Costs - Fixed Costs trumped by Part 36

Broadhurst & Anor v Tan & Anor

The Court of Appeal has found that indemnity costs apply when a claimant beats their own Part 36 offer, in a case where fixed costs would ordinarily apply.

The appeal concerned two different first instance decisions. In the case of Broadhurst v Tan, HHJ Robinson found that although indemnity costs did apply, there was no difference when assessing fixed costs on the indemnity basis and simply allowed the fixed costs provided for in CPR 45.29C and table 6B.

A directly contradictory position was adopted by HHJ Freedman in the case of Smith v Taylor, who decided that if a claimant beats their own Part 36 offer, then they should not be limited to fixed costs, but should have their costs assessed on an indemnity basis from the end of the relevant period in CPR 36.14. 

The Appeal

Lord Dyson MR provided a succinct and robust judgment in Broadhurst & Anor v Tan & Anor [2016] EWCA Civ 94 and considered this issue to be a “straightforward matter of interpretation” in finding that the specific provision found in CPR 36.14 takes precedence over the general provision of CPR 45.29B. 

Lord Dyson noted that "The starting point is that fixed costs and assessed costs are conceptually different. Fixed costs are awarded whether or not they were incurred, and whether or not they represent reasonable or proportionate compensation for the effort actually expended. On the other hand, assessed costs reflect work actually done."

Lord Dyson concluded that if there was any doubt as to the interpretation of the rules it was resolved by the Explanatory Memorandum to the 2013 Amendment Rules which was laid before Parliament to accompany the draft statutory instrument. 

Paragraph 7.1(e) of that Memorandum states "New rules 36.10A and 36.14A make provision in respect of the fixed costs a claimant may recover where the claimant either accepts or fails to beat a defendant's offer to settle made under part 36 of the CPR. Provision is also made with regard to defendants' costs in those circumstances.

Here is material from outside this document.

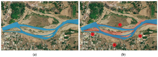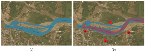 Regarding the use of imagery data, based on the information recapitulated in Section 1.3, it was chosen to use to the earliest imagery data available. It was decided to use the data system of the WorldImageryMap project to access visual information available by GPS. Unfortunately, due to the area’s remote location, the oldest information for the region is from 6 February 2011, while the most recent information is from 31 March 2021. Another territorial tool was developed locally by the local disaster reduction organism, CONRED (“National Coordinator for Disaster Reduction” in spanish). It consists of regional maps identifying the areas with the highest risk of natural disasters. The prediction of this threat uses the TerraView 4.2.2 methodology and its plugin TerraHydro [38].

If a defendant refuses a claimant's offer to settle and the court subsequently awards the claimant damages which are greater than or equal to the sum they were prepared to accept in the settlement, the claimant will not be limited to receiving his fixed costs, but will be entitled to costs assessed on the indemnity basis in accordance with rule 36.14."

 It was therefore found in cases where fixed costs ordinarily applied and the claimant was successful in beating their own Part 36 offer, that they would be entitled to fixed costs up until the end of the relevant period, with costs thereafter to be assessed on an indemnity basis.

Whilst accepting the fact that there may be some difficulties in assessing costs in cases where the costs were fixed up to a point, Lord Dyson felt that the rules were clear.


  • This is a significant decision which will in all likelihood change behaviours in many claimant solicitors. 
  • As pointed out by Lord Dyson in his judgment, this is a decision which will lead to “windfalls” and “generous outcomes” for claimants. This was however seen as the intentions of CPR rule 36.14, which provides claimants with generous incentives to make offers and defendants with countervailing incentives to accept them. 
  • Given the obvious added incentives which now exist for claimants to beat their own Part 36 offers in cases where fixed costs would ordinarily apply, it is expected that claimants might now look to make much more realistic offers at an early stage of the claim.  
  • Such a change in claimants' behaviour may well have a significant benefit for defendants, with an earlier opportunity to engage claimants in meaningful settlement discussions. 
  • Of course, it will remain key for defendants to carefully consider all Part 36 offers made by claimants as the risks of not accepting an offer which is later beaten could have a significant additional costs consequence. 
  • The decision ought not to affect claims where parties have proceeded under the low value protocols under CPR Part 8 in accordance with Practice Direction 8B. Where claimant betters their own protocol offer, fixed costs under CPR Part 36.29(4) ought to apply.   
  • Whilst the judgment deals only with CPR 36.14 which is triggered by a judgement, there is potential for further litigation relating to the tension between CPR 45 and CPR 36 in respect of the type of costs recoverable when a defendant accepts a claimant's Part 36 offer outside the relevant period, but before a judgement is entered.